An appetite for research: an interview with Sadaf Farooqi Open Access

Sadaf Farooqi

What made you want to become a researcher after you studied medicine?

I was fortunate to have exposure to research very early on during my medical training. I did some research into cot death, which was one of the major causes of mortality in infants at the time. This was back in the late 1980s in the UK, and I actually made a pretty key observation as a student, which ended up changing policy and was published in The Lancet (Farooqi et al., 1991). This got me very excited about research and the way that it could make a difference to many people's lives.

How does your perspective as a clinician shape your research?

I always think it's a great privilege to be a doctor, and I think it's an even greater privilege to be both a doctor and a scientist. My research is very much shaped by my patients. Then, once you get into the research, you find fascinating new things that you never thought you'd be thinking about, so the pursuit of science and identifying interesting questions to tackle becomes the focus itself. But the direction of travel for me is always about finding ways to benefit patients.

You have done extensive studies in patients to identify rare genetic variants associated with severe obesity. What are some of the most interesting findings from this work?

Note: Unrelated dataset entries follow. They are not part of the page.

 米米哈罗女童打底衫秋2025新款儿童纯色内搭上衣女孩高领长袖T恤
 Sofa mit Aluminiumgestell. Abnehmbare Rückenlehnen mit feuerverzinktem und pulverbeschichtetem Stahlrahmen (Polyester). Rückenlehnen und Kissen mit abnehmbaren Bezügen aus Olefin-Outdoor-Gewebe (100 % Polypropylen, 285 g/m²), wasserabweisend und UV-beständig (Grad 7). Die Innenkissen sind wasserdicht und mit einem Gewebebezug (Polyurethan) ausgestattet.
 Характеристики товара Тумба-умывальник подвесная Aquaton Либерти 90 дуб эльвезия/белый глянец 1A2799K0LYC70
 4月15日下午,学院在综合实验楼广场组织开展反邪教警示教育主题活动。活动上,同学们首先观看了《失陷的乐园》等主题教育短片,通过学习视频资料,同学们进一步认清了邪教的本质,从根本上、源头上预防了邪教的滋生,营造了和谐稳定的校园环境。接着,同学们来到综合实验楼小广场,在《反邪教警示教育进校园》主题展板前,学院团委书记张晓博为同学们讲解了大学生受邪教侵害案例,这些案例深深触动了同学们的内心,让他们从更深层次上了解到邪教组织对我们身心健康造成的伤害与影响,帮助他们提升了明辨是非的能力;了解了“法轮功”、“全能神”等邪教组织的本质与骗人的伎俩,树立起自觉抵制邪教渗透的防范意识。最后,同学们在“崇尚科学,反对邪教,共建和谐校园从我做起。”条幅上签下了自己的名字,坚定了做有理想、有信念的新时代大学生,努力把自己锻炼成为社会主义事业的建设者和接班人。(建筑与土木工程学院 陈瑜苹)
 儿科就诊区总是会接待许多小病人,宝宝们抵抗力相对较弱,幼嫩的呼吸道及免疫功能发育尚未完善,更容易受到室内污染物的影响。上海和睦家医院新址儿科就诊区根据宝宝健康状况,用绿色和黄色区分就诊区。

Initially, just being able to show that a variant in a single gene is sufficient to cause obesity in a person was the key early finding we made back in 1997 (Montague et al., 1997). That was also key to proving that the hormone leptin is a critical regulator of weight. Without any leptin, children will invariably develop severe obesity through failure to control their appetite: lack of leptin causes this intense drive to eat, or hyperphagia. This taught us that our appetite and our eating behaviour has a strong biological basis, something that hadn't really been proven in humans before that. That finding then paved the way for many subsequent studies that looked at several different genes expressed in the hypothalamus in the brain affecting pathways that regulate weight. We showed that disruption of those genes can cause obesity. Collectively, that work has given us an understanding of how body weight is regulated in the hypothalamus. It's shown us that genes can contribute to obesity and to weight regulation, and this has informed diagnostic testing in people around the world. It's also provided the evidence base for developing drugs that can target these pathways. Now, we're very excited that we can actually give drugs to people with some of these genetic conditions and often entirely treat their severe obesity.

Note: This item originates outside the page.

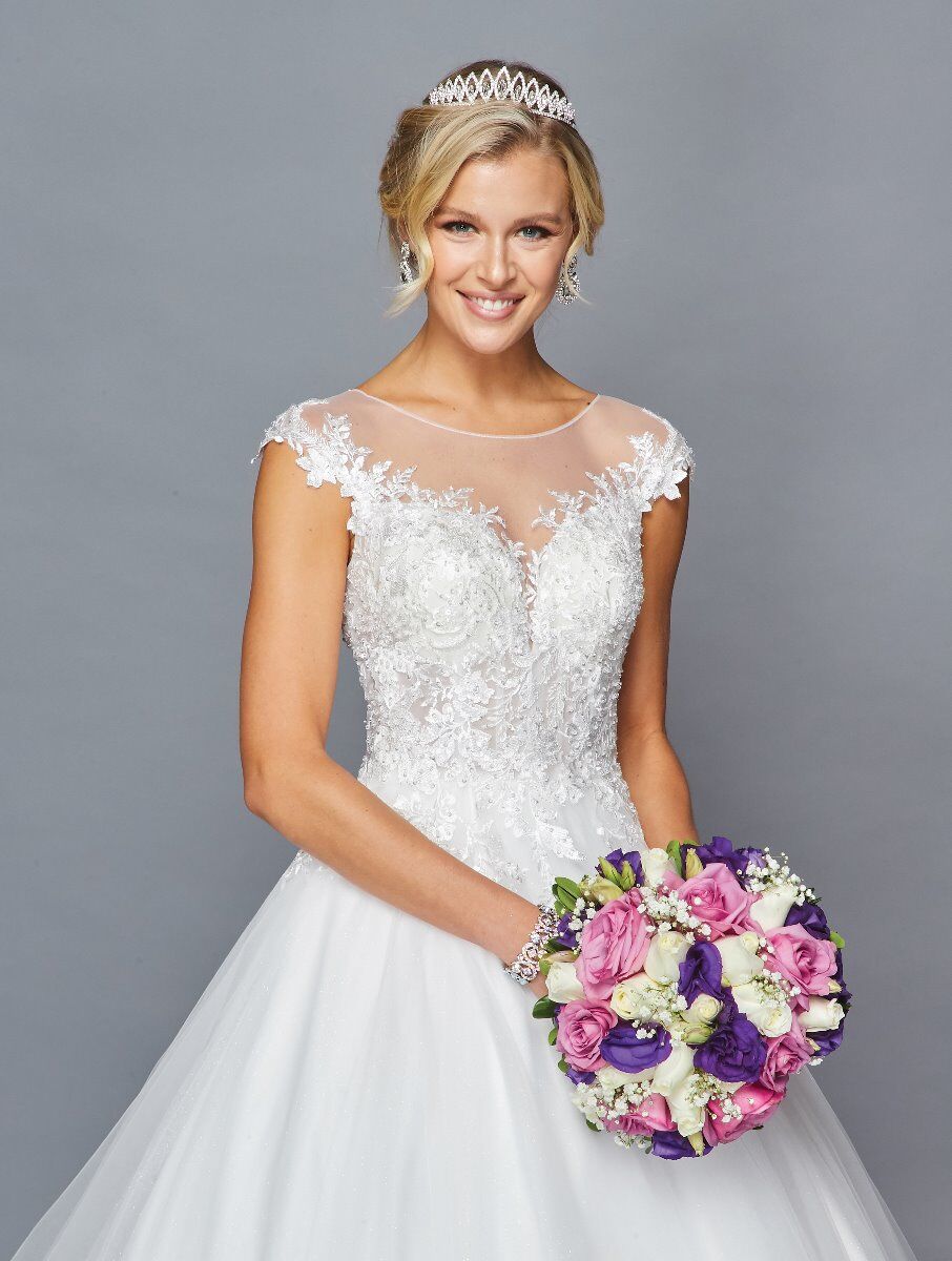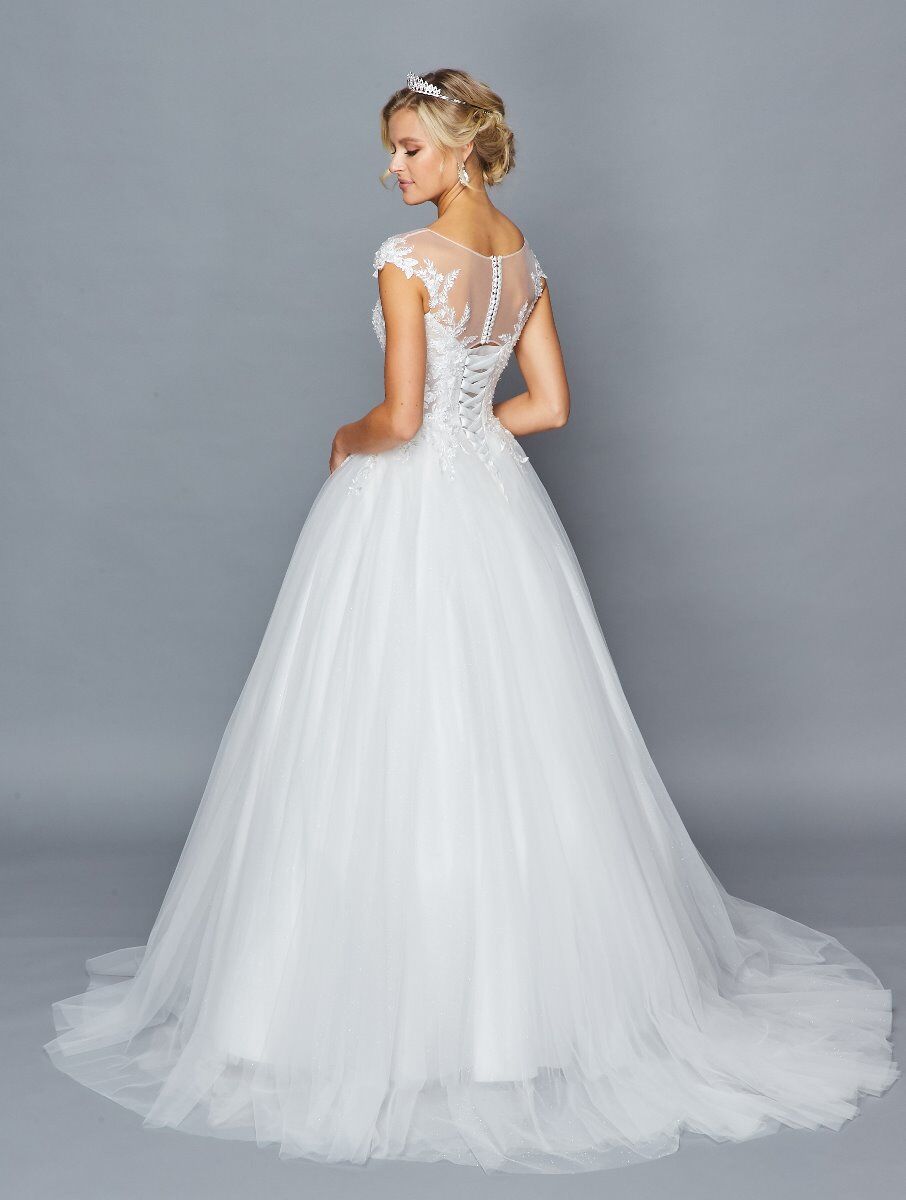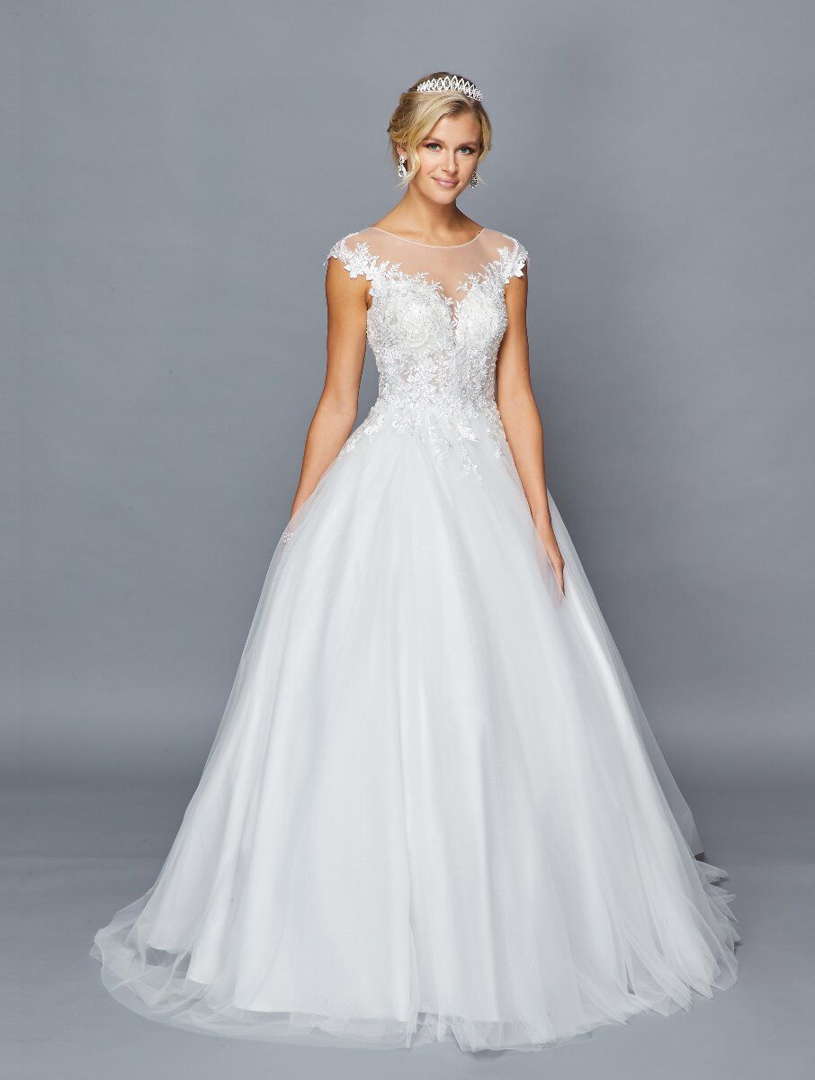 ILLUSION BOAT NECKLINE AND CAP SLEEVE A-LINE COURT TRAIN WEDDING DRESS WITH LACE AND SEQUINS APPLIQUE.

One of the things that we found was that the leptin–melanocortin pathway is key to regulating different aspects of eating behaviour. It affects how much pleasure you get from food. In animals, there was very good evidence that it affects food preference, e.g. the type of food the animal will go for – fat versus carbohydrate. We thought, “wouldn't it be fascinating to test whether the same happens in human beings?”. There had been a few small studies with flavoured liquids, but not with meals, so we designed an experiment in humans in which we varied the fat content in a meal (van der Klaauw et al., 2016). This is quite hard, because if you have something very high in fat, it often becomes very oily, so you must make sure that it doesn't look different from the other meals. It doesn't work for spaghetti Bolognese, for example, because all the oil floats to the top. By a lot of experimentation in the kitchen, we figured out that chicken korma and rice would work well, and we could provide three meals with completely different fat content (20, 40 or 60%) that were identical in appearance and taste so nobody could tell them apart. We showed that people with the melanocortin 4 receptor (MC4R) variant ate over 90% of their food from the high-fat option. Even though the total amount people ate was very similar, people with the MC4R variant preferred the high-fat meal. We weren't sure if it was because fat is more palatable, so we did a second study varying sucrose concentrations across otherwise identical Eton mess desserts (meringue, cream and berries). Most people preferred a sweeter dessert, but not the people with the MC4R variant. Somewhat paradoxically, they didn't want the sweet food. Around the same time, people had done studies in mice that showed exactly the same thing. Remarkably, in mice, genetic or pharmacological inhibition of the same pathway increases preference for fat and decreases preference for sugar, so it's highly conserved between mice and humans. This pathway is there to defend against starvation: if you're starving, it makes more sense to eat fat, because you'll get twice as many calories from fat as you do from carbohydrate, and you can store the fat easily. We think that's why this pathway has evolved to affect multiple different components of eating behaviour.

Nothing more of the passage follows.